The contact of warm water at several pinpoints under the Thwaites is causing it to melt. Researchers are concerned as it has the potential to raise the world sea level by more than half a meter.

'Melting Thwaites' raises global concern along with sea level File photo

Antarctica’s Thwaites Glacier – also called the “Doomsday Glacier” is a matter of grave concern due to its enormous potential to raise the sea level which will be caused by its melting due to the warm water underneath which was overlooked in past.

Thwaites Glacier is 120 km wide at its broadest and melting fast over the years. Because of its size (1.9 lakh square km), it contains enough water to raise the world sea level by more than half a meter. Studies have found the amount of ice flowing out of it has nearly doubled over the past 30 years.

Its melting constitutes approximately 4 per cent of the total global sea-level rise every year and is predicted to collapse into the sea in 200 to 900 years.

Researchers at the Sweden’s University of Gothenburg are now saying that fears related to Thwaites’s melting are worse than previously thought.

They used an uncrewed submarine to go under the Thwaites glacier front to make observations.

“These were the first measurements ever performed beneath Thwaites glacier,” said Anna Wåhlin, professor of oceanography at the University of Gothenburg and lead author of the study that has been published in Science Advances.

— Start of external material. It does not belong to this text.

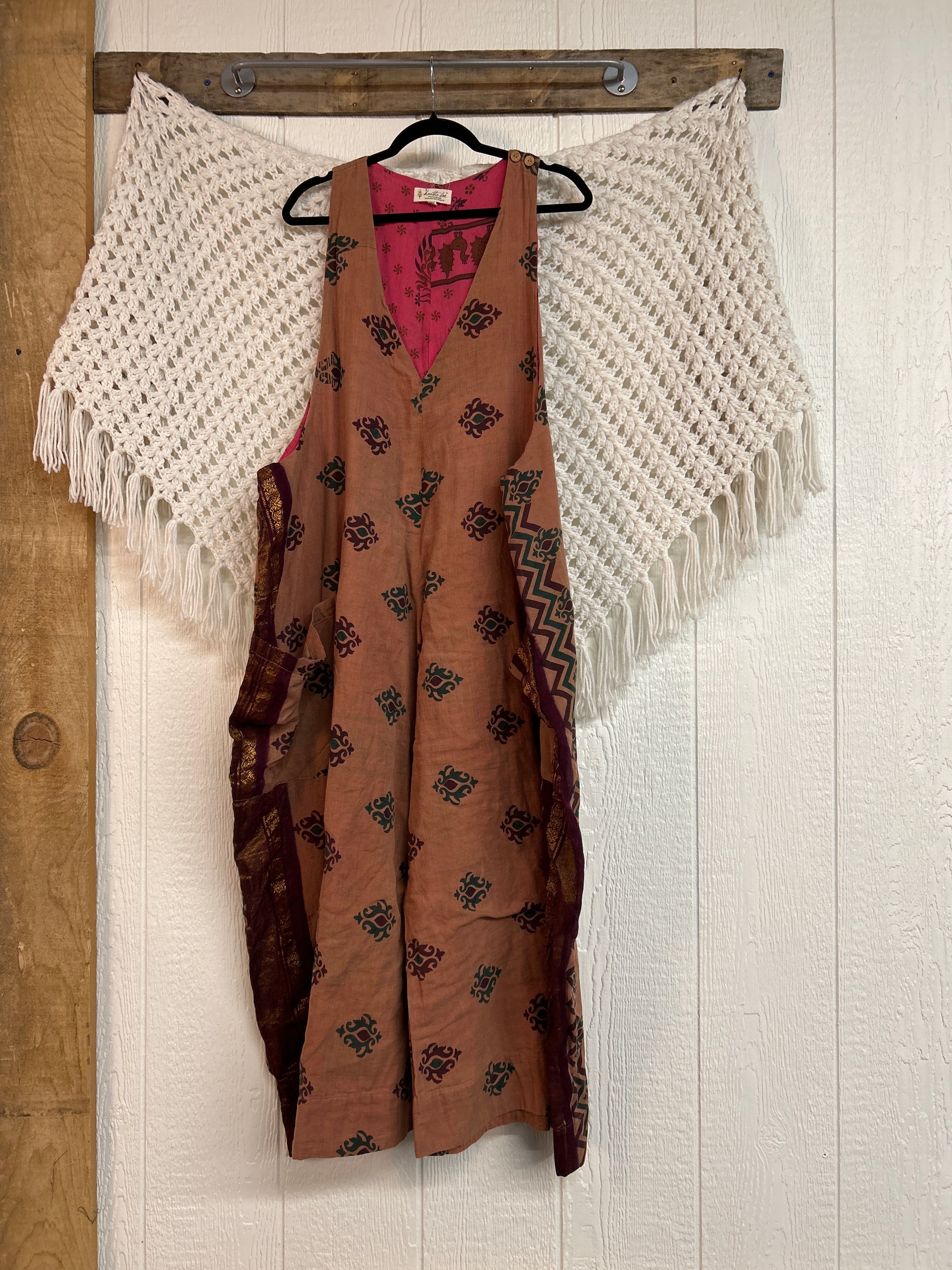 Disclosure: Our vintage styles have lived a full life before becoming the designs in our shop. Fabrics may have small threads or holes in the layers. Color inconsistency or small stains may be present. The saris are sewn together and extend the life of each design. Imperfections should be celebrated.

Using the results of the observations of characteristics like temperature, salinity, and oxygen content of the ocean currents that go under the glacier, researchers have been able to find out the ocean currents that flow under Thwaites and cause its melting to speed up.

The researchers have deduced the three channels which bring warm water to glacier from north. The channels for warm water to access and attack Thwaites weren’t known to us before the research. Using sonars on the ship, nested with very high-resolution ocean mapping from Ran, we were able to find that there are distinct paths that water takes in and out of the ice shelf cavity, influenced by the geometry of the ocean floor,” the press release quoted Dr. Alastair Graham of the University of Southern Florida as saying.

Thwaites is crucial for Antarctica as it restricts the movement of free-floating ice in the ocean. But research showed that warm water is impacting the points of the glacier where it is connected to the sea-bed and finds stability of its ice sheets and hence making the situation distressing as Thwaites’ ice shelf is already retreating.